On June 29, 2015, Dart sent letters to Visa and MasterCard's chief financial officers demanding they "defund sex trafficking," and stating that his letter "compels" them "to sever ties" with Backpage. Writing on his official Cook County Sheriff letterhead, Dart insisted Visa and MasterCard "immediately cease and desist from allowing your credit cards to be used to place ads" on Backpage.com. Dart continued by claiming that his office "objectively found" evidence that Backpage promotes child sex trafficking, and noting that the companies had a "legal duty" to help him fight this. 

"The letters left no doubt about Sheriff Dart's demand, his threatened pressure and the consequences if the card associations did not accede," Backpage states in its lawsuit. Dart "made sure his threat was plain by citing statutes imposing criminal penalties for money laundering, allowing termination of a financial institution's status as an insured depository institution, and permitting investigations and enforcement actions." 

American Express, Visa, and MasterCard had all allowed use of their cards for Backpage purchases from 2004-2015. Within two days of receiving Dart's letter, both Visa and Mastercard had terminated card services with the site. (American Express had done so several months prior.) A letter from Visa to Backpage explained that it could no longer process site transactions because the site was linked by U.S. law enforcement to "child prostitution and human trafficking." 

"Because of Sheriff Dart's actions, Backpage.com is barred from credit card services of any of the three largest card companies or any acquiring banks or credit processing companies," the suit notes. "This affects not only adult escort ads but also other ads for dating, housing, services, trades, and sales of goods," of which Backpage sees about six million per month. The only remaining option for purchasing ads is via Bitcoin. For the time being, Backpage.com has stopped charging for ads, but this is not a sustainable solution, it says. 

"If allowed to stand, Sheriff Dart's actions will eliminate an entire forum for online speech and millions of permissible and constitutionally protected posts in order to target a handful that may be unlawful but cannot be detected or blocked," claims Backpage. His actions "are grossly overbroad and are governed by no discernible legal standards," representing instead "an informal extralegal prior restraint of speech without due process" that violates the First and Fourteenth Amendments. 

"Sheriff Dart's actions to cripple Backpage.com and all speech through the site are an especially pernicious form or prior restraint," the company alleges. "He has achieved his purpose through false accusations, innuendo, and coercion, whereas, if he had brought suit directly or Cook County had attempted to pass a law to shut down the website, Backpage.com would have had a fair opportunity to respond and defeat such efforts, given well-established law." 

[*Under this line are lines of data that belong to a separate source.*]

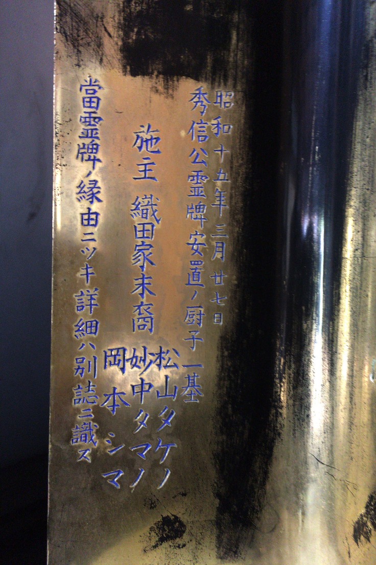 この学文路近くには、織田信長の嫡孫である三法師こと織田秀信終焉の地とされる善福寺跡と、秀信のお墓があります。位牌は住民によって現在も護られています。
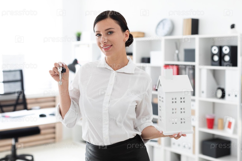 Молодая девушка стоит в офисе и держит ключи и макет дома
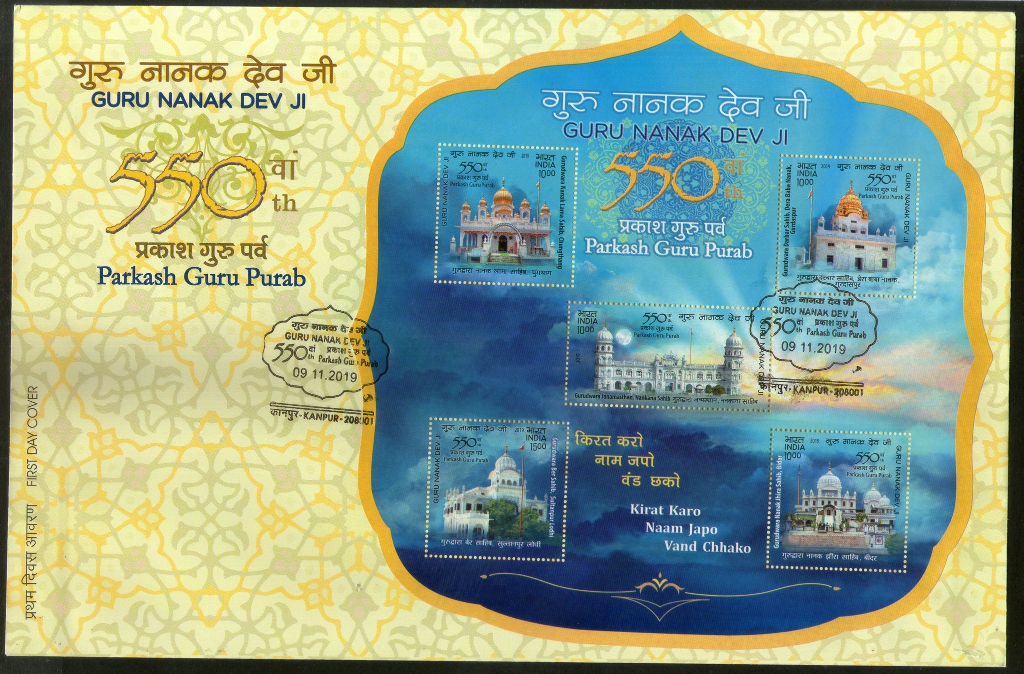 India 2019 Guru Nanak Dev Ji 550th Birth Anniv Gurudwara Sikhism Odd Shape M/s on FDC
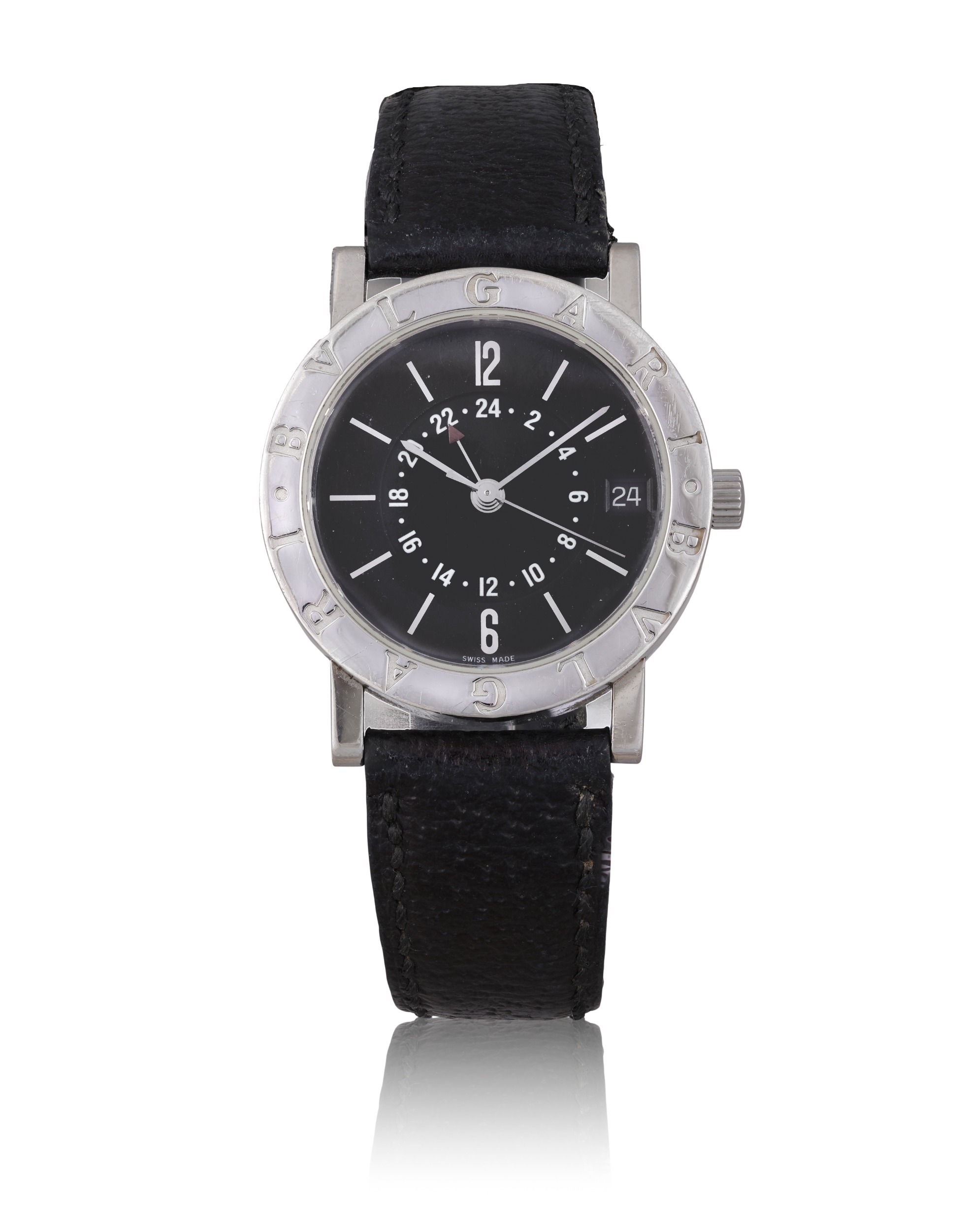 BVLGARI GMT "BB33" WRISTWATCH, AUTOMATIC A contemporary and functional automatic wristwatch by Bvlgari, featuring a dual-time display within the iconic engraved bezel case. Year: Circa 2000s Dial: Black dial with baton hour markers, inner 24-hour track with red arrow GMT hand, date aperture at 3 o'clock, central seconds Calibre: Automatic movement, cal. 2993-2, signed Bvlgari Case: Stainless steel case with engraved "BVLGARI BVLGARI" bezel, screw-down caseback, reference BB33 SL GMT, No. L1105 Dimensions: 33 mm diameter Gross Weight: 46.14 g approx. Bracelet/Strap: Black leather strap with stainless steel pin buckle (later, unsigned Bvlgari) Signature: Dial and movement signed

Over the past few years, three states (Washington, Tennessee, and New Jersey) passed laws targeting Backpage for criminal sanctions, and all three were stuck down by federal courts, which found them unconstitutional under the First Amendment and in violation of the CDA. Dart acknowleged that these decisions were justified under current laws but called the current laws "antiquated" and "nonsensical." 

"Backpage.com has steadfastly maintained that censorship is not a solution to human trafficking or child exploitation, but rather that law enforcement and other authorities should work with websites to prevent, investigate, and prosecute criminal activity and rescue victims," it concludes in its lawsuit. The company is seeking a declaration that Dart's actions are unlawful and unconstitutional, an injunction requiring him to cease such actions and retract his letters, a preliminary injunction "returning the parties to status quo before the credit card companies precipitously terminated services," damages for lost revenue, and punitive damages "to provide punishment and as deterrence for Sheriff Dart's intentional conduct recklessly indifferent to protected rights."